For the full local inference option map, see Local Inference and Runtime Options.
Install
npm install @sipp/sipp
Browser Local Query
Use @sipp/sipp only in browser code. A local endpoint source can be a model
URL served by the app, a user-provided File, an installed model id, or shard
sources.
import { useState } from 'react';
import { SippClient } from '@sipp/sipp';
export function LocalQuery(): JSX.Element {
const [text, setText] = useState('');
async function run(): Promise<void> {
const client = new SippClient();
try {
const endpoint = await client.add('default', {
kind: 'local',
source: '/models/model.gguf',
options: {
backend: 'webgpu',
runtime: {
context: { n_ctx: 2048 },
},
},
});
const response = await client.query('Explain Sipp.', {
endpoint,
maxTokens: 64,
}).response;
setText(response.text);
} finally {
await client.close();
}
}
return (
<button type="button" onClick={() => void run()}>
{text || 'Run'}
</button>
);
}
Omit backend to let the browser runtime choose a compatible backend. Use
backend: 'webgpu' when the UI should explicitly request WebGPU and surface
errors or fallbacks itself.
Local Development Headers
The pthread WASM runtime requires SharedArrayBuffer and cross-origin
isolation. Configure Vite dev and preview headers before using
wasmThreading: 'pthread':
// vite.config.ts
import { defineConfig } from 'vite';
export default defineConfig({
server: {
headers: {
'Cross-Origin-Opener-Policy': 'same-origin',
'Cross-Origin-Embedder-Policy': 'require-corp',
},
},
preview: {
headers: {
'Cross-Origin-Opener-Policy': 'same-origin',
'Cross-Origin-Embedder-Policy': 'require-corp',
},
},
});
Use wasmThreading: 'single-thread' when the app cannot serve those headers.
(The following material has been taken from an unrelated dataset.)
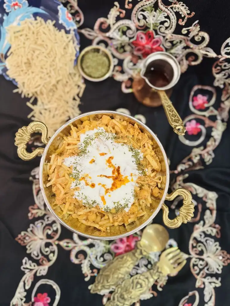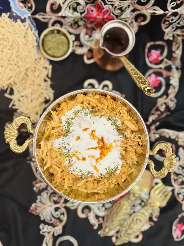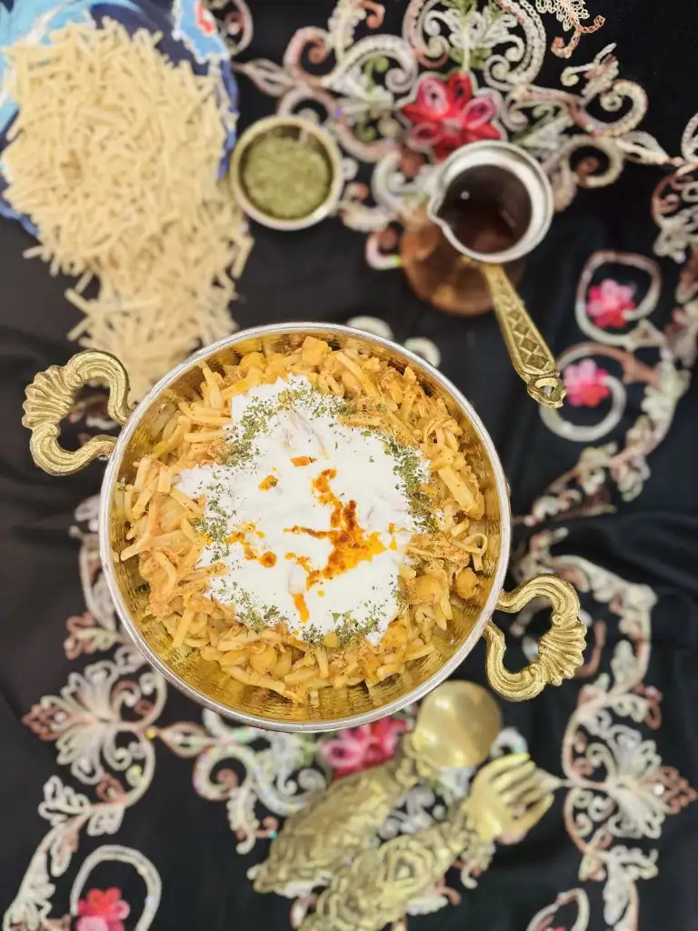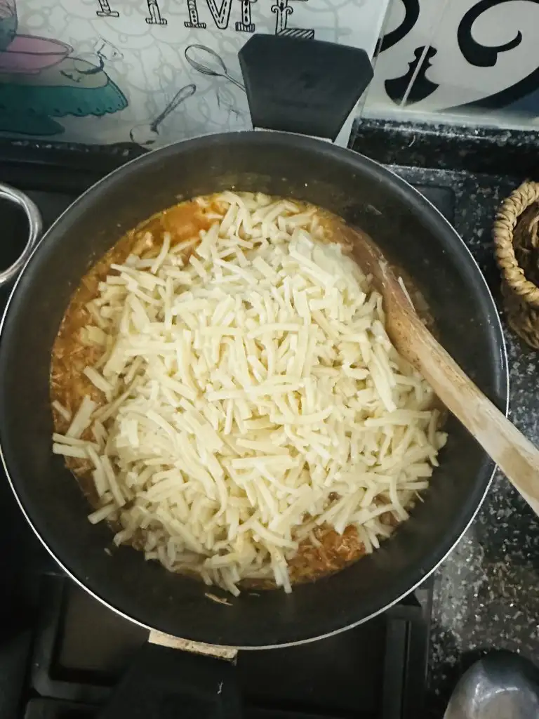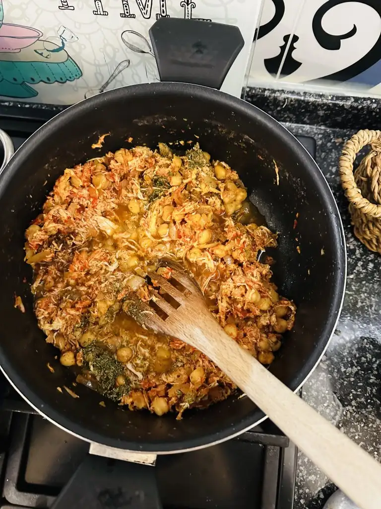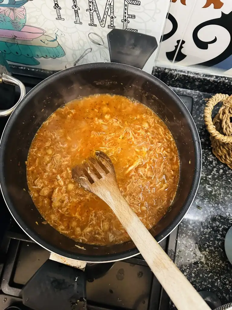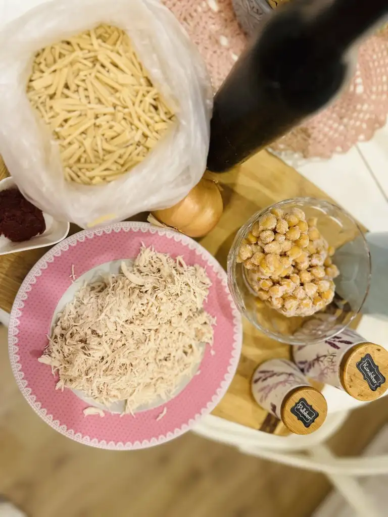 - Tavaya sırası ile didiklenmiş göğüs etini, nohutları, baharatları, tavuk suyunu ve makarna suyunu ekleyip bir taşım kaynatın.

Use executionMode: 'main-thread' only for debugging or constrained hosts.
Runtime Asset Overrides
The browser package resolves its packaged Emscripten JavaScript and WASM assets
at runtime. Most Vite apps can use new SippClient() without asset
overrides.
Override runtime asset URLs only when your bundler or deployment moves package assets:
const client = new SippClient({
moduleUrl: '/assets/sipp-wasm.js',
wasmUrl: '/assets/sipp-wasm.wasm',
});
When overriding assets, provide both moduleUrl and wasmUrl. For pthread
runtime assets, provide both pthreadModuleUrl and pthreadWasmUrl.
Model Files And Cache
Serve model URLs from the application or let users select local .gguf files.
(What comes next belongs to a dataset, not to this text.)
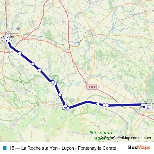 The first stop of the 15 bus route is Avenue Marceau and the last stop is PEM-Sncf. 15 (La Roche sur Yon - Luçon - Fontenay le Comte) is operational during everyday.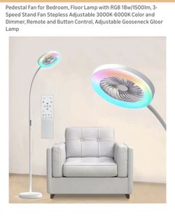 Pedestal Fan for Bedroom, Floor Lamp with RGB 18w/1500lm, 3-Speed Stand Fan Stepless Adjustable 3000K-6000K Color and Dimmer, Remote and Button Contro$35Riverside County, CA

The browser runtime stores model data through OPFS where available, so repeated
loads can stay local after the first import or fetch.
Tune browser storage with browserCache on SippClient and tune local
runtime behavior with options.runtime on the local endpoint descriptor. See
Browser Caching and
Runtime Options.
Existing Examples
Serve the source examples when working from a checkout:
sipp run examples serve browser
Then open the printed URL and use:
/query.html/chat.html/embed.html/gateway_local.html/gateway_query.html/gateway_chat.html/gateway_embed.html
The gateway pages demonstrate browser calls to gateway-profile endpoints. Keep production server routes in a route-owning framework, an application server, or the first-party gateway server.